If Nrd1 is indeed involved in controlling a threshold of cellular responses to nutrient starvation for commitment to sexual development, is Nrd1 regulated? So far we have no definitive evidence indicating that it is. The nrd1⁺ gene is constitutively expressed during nutrient starvation (unpublished observation). However, the activity of this protein might be regulated possibly by a MAPK. Nrd1 contains two MAPK phosphorylation consensus sequences. Replacement of Thr¹²⁶ in the second MAPK phosphorylation consensus site by Asp mimicking phosphorylation, but not by Ala, markedly reduced its ability to rescue the pat1-114 mutant when ste11⁺ was massively induced by the deletion of the pka1⁺ gene (unpublished data).
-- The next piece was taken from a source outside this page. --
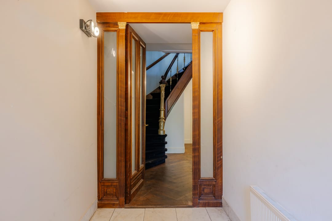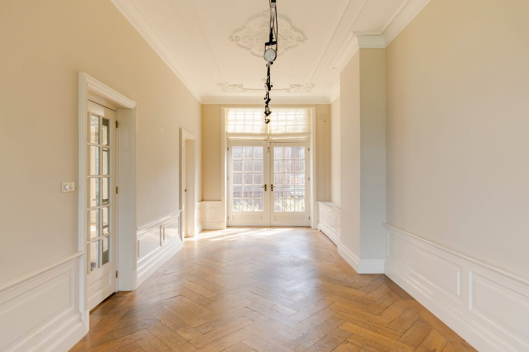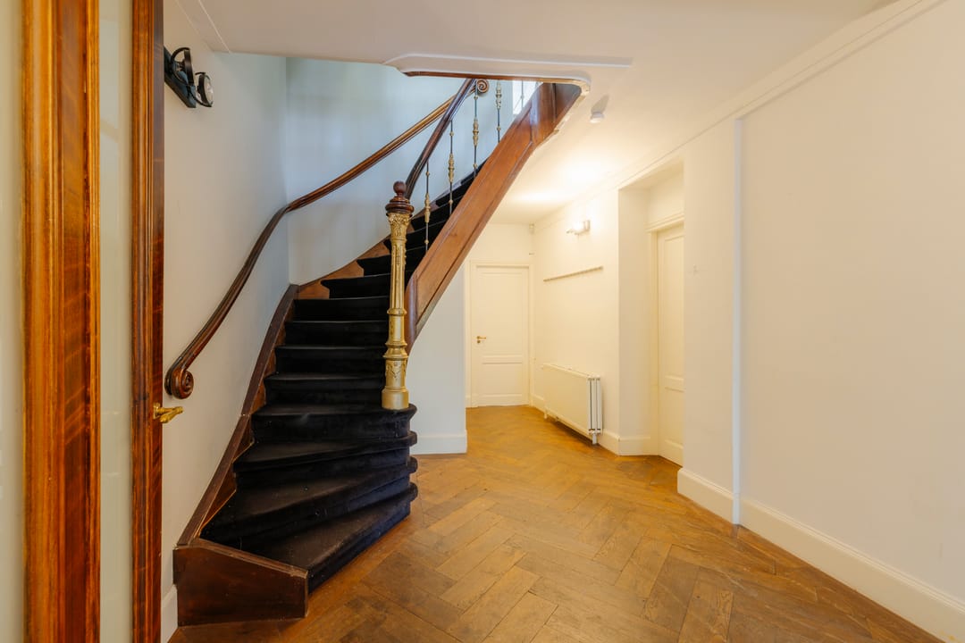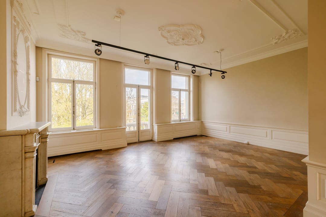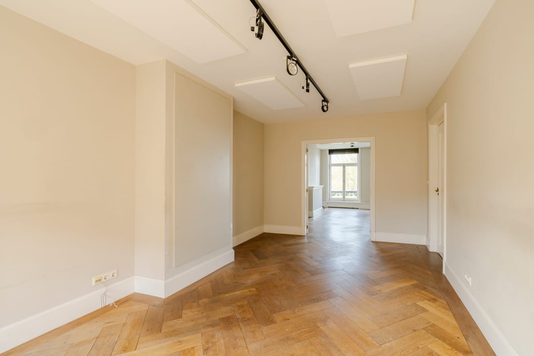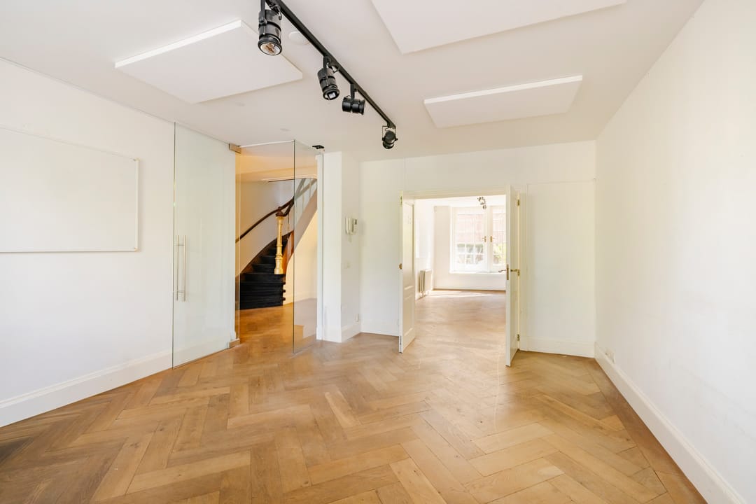 Het pand is verdeeld over vijf volwaardige bouwlagen en kenmerkt zich door een centrale ontsluiting via het monumentale trappenhuis. De eerste en de tweede etage beschikken over hoge plafonds en originele details, waaronder een marmeren schouw.

Is Nrd1 evolutionarily conserved? The answer is likely to be yes. We recently isolated human and rat genes that seem to be functional homologs of nrd1⁺ by using the same screening strategy as the one for the isolation of nrd1⁺ (55a). Their amino acid homology to Nrd1 is low, but, like Nrd1, they contain four RNA binding motifs. They are indistinguishable from Nrd1 in biological activities in fission yeast. This protein is highly expressed in hematopoietic cells, particularly T cells and B cells. A factor called TCF-1 is essential for the terminal differentiation of T cells (49). Interestingly, TCF-1 is structurally homologous to Ste11 (48). Just as in fission yeast, cAMP and p38, a homolog of the Sty1/Spc1/Phh1 MAPK, are also involved in the regulation of growth and differentiation of hematopoietic cells (12, 22). In addition, many eukaryotes including mammals contain a highly conserved structural homolog of rcd1⁺ (38). Thus, the entire differentiation control system involving Ste11, Nrd1, Rcd1, cAMP, and the Phh1 stress MAPK might be conserved up to mammals.